Choudhury Pranjal, Boruah Bosanta R
Department of Physics, Indian Institute of Technology Guwahati, Guwahati, Assam, India.
J Microsc. 2025 Feb;297(2):153-164. doi: 10.1111/jmi.13362. Epub 2024 Oct 4.
Single-molecule localization microscopy (SMLM), which has revolutionized nanoscale imaging, faces challenges in densely labelled samples due to fluorophore clustering, leading to compromised localization accuracy. In this paper, we propose a novel convolutional neural network (CNN)-assisted approach to address the issue of locating the clustered fluorophores. Our CNN is trained on a diverse data set of simulated SMLM images where it learns to predict point spread function (PSF) locations by generating Gaussian blobs as output. Through rigorous evaluation, we demonstrate significant improvements in PSF localization accuracy, especially in densely labelled samples where traditional methods struggle. In addition, we employ blob detection as a post-processing technique to refine the predicted PSF locations and enhance localization precision. Our study underscores the efficacy of CNN in addressing clustering challenges in SMLM, thereby advancing spatial resolution and enabling deeper insights into complex biological structures.

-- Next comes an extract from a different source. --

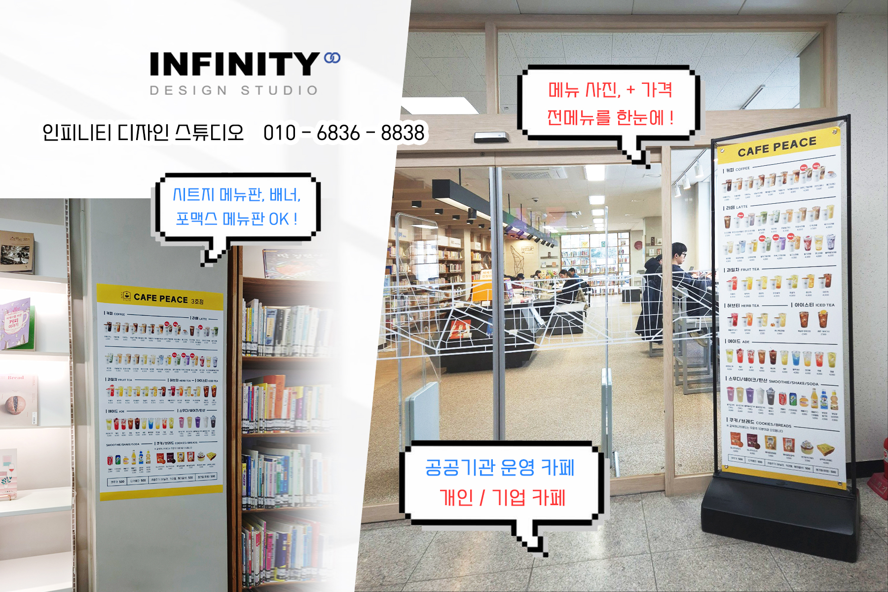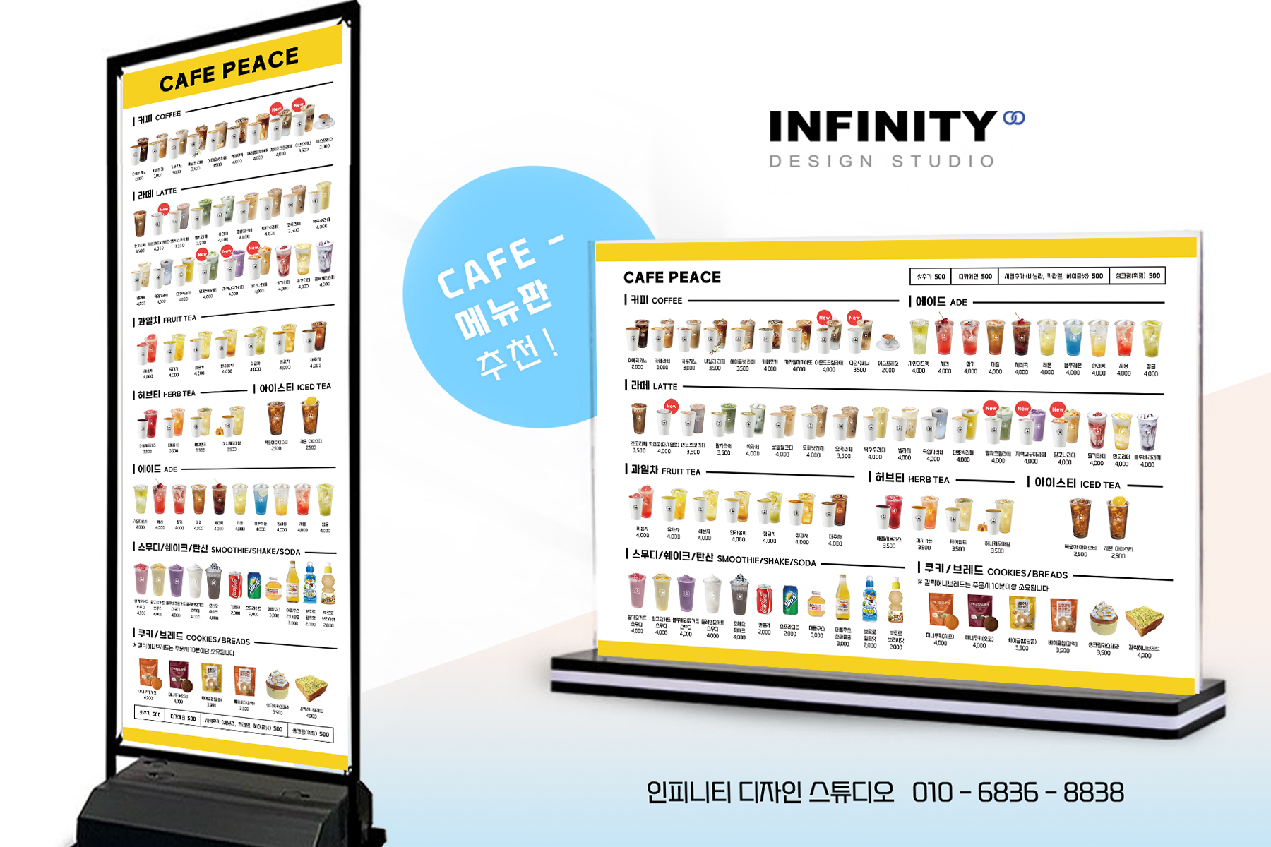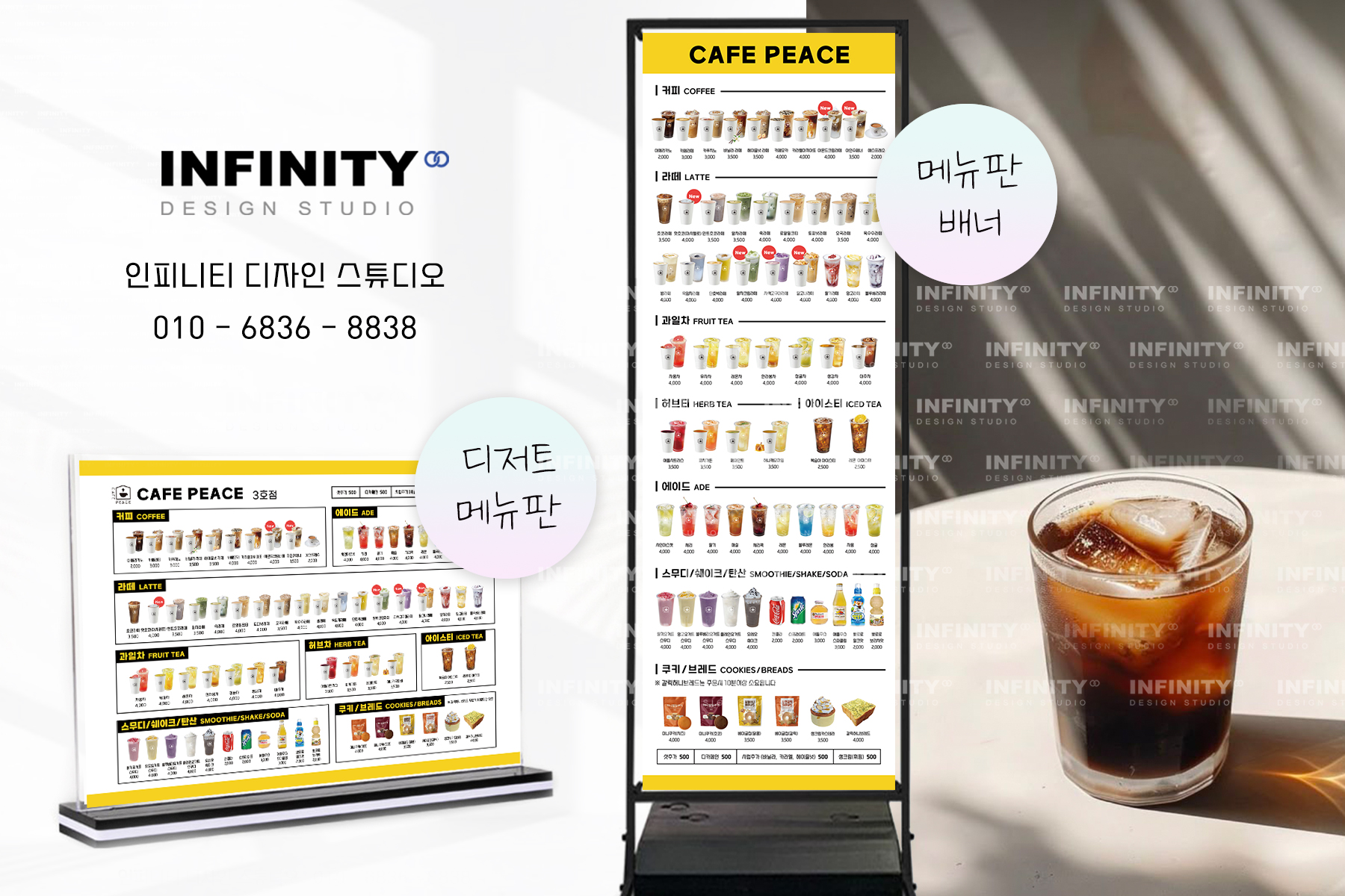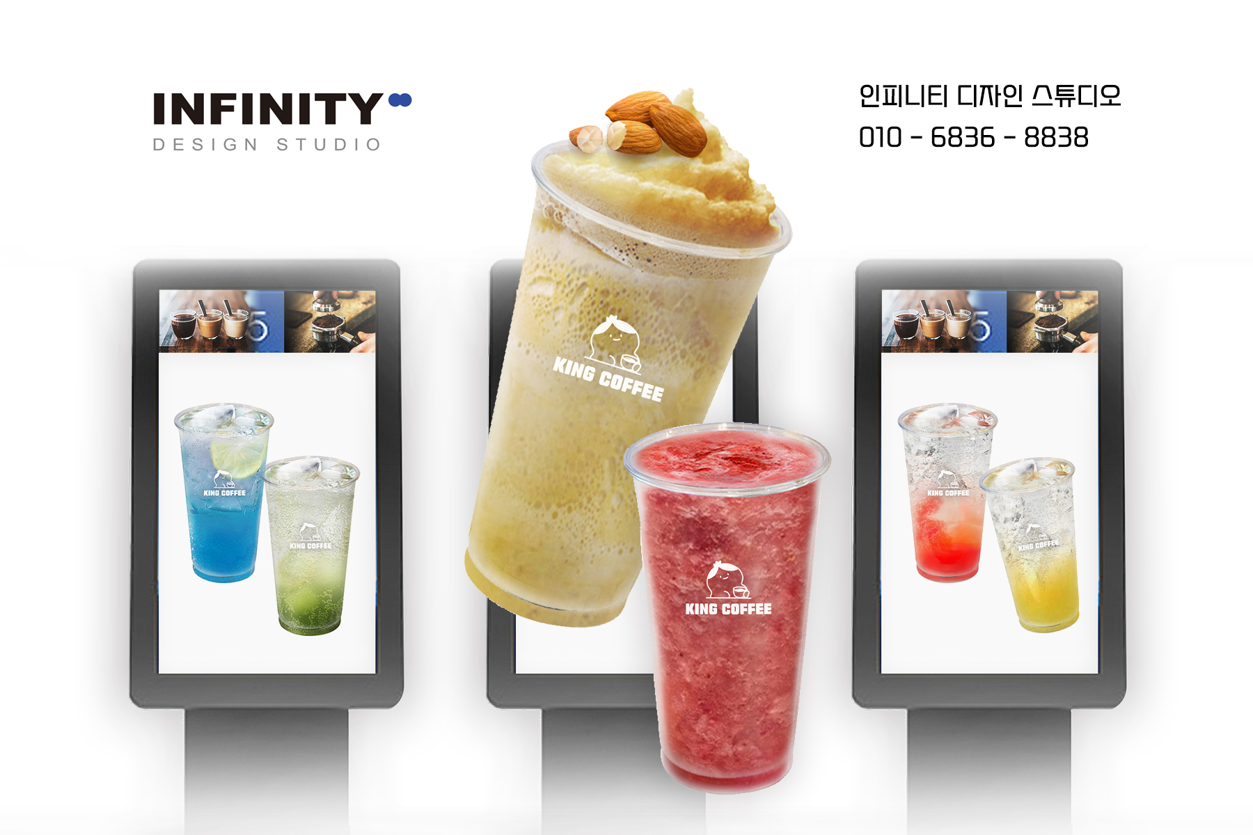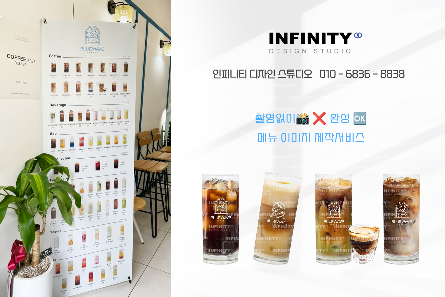 안녕하세요, 디자인, 제작 전문인피니티 디자인 스튜디오 입니다.오늘은 카페 오픈 준비로 진행된키오스크 메뉴사진 촬영 제작, 메뉴판 배너 제작소식 포스팅 드립니다 카페오픈, 운영중 필
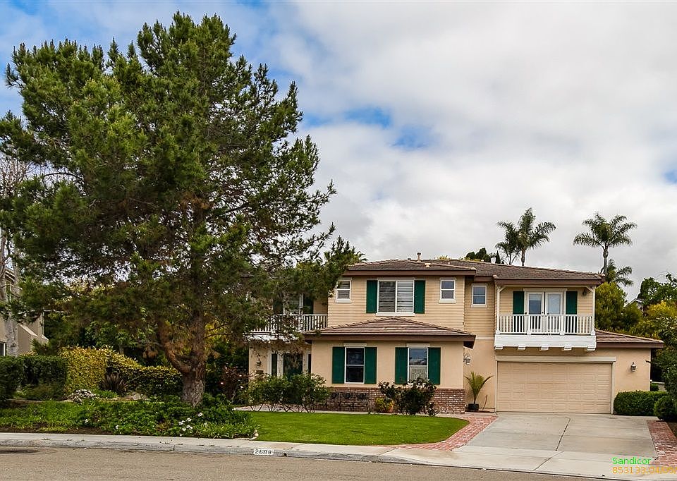 Located in a much desired, but rarely available, cul-de-sac of La Costa Valley, this 3,590 sq ft home offers four bedrooms, 3.5 baths, loft, 3 car garage and a first floor library or office with an alcove which could easily be made into a 5th bedroom with walk-in closet. The living room features a fireplace, a 20 foot ceiling and dramatic spiral stairs and a balcony. The adjacent formal dining room opens to the backyard. The kitchen has a pantry, appliances upgrades and large windows facing a private rear yard with lush greenery. It’s open to a large family room with a second fireplace. The large master bedroom offers a sizeable walk-in closet. The master bath features two separate vanities, a tub and a shower. All three of the bedrooms have direct access to bathrooms and two have their own private balcony. The property is located in close proximity to excellent schools, stores, restaurants, golf courses, and the beach. One of the outstanding features of the neighborhood is the Valley Club which offers Olympic-size heated pool, kiddie pool, hot tub, gym, club house, tennis courts, and a pre-school. Don’t miss out on this opportunity to make this home your own.

单分子定位显微镜(SMLM)彻底改变了纳米级成像,但由于荧光团聚集,在密集标记的样本中面临挑战,导致定位精度受损。在本文中,我们提出了一种新颖的卷积神经网络(CNN)辅助方法来解决聚集荧光团的定位问题。我们的CNN在多样化的模拟SMLM图像数据集上进行训练,在该数据集中它通过生成高斯斑点作为输出,学习预测点扩散函数(PSF)位置。通过严格评估,我们证明了PSF定位精度有显著提高,特别是在传统方法难以处理的密集标记样本中。此外,我们采用斑点检测作为后处理技术来细化预测的PSF位置并提高定位精度。我们的研究强调了CNN在解决SMLM中的聚集挑战方面的有效性,从而提高了空间分辨率,并能够更深入地洞察复杂的生物结构。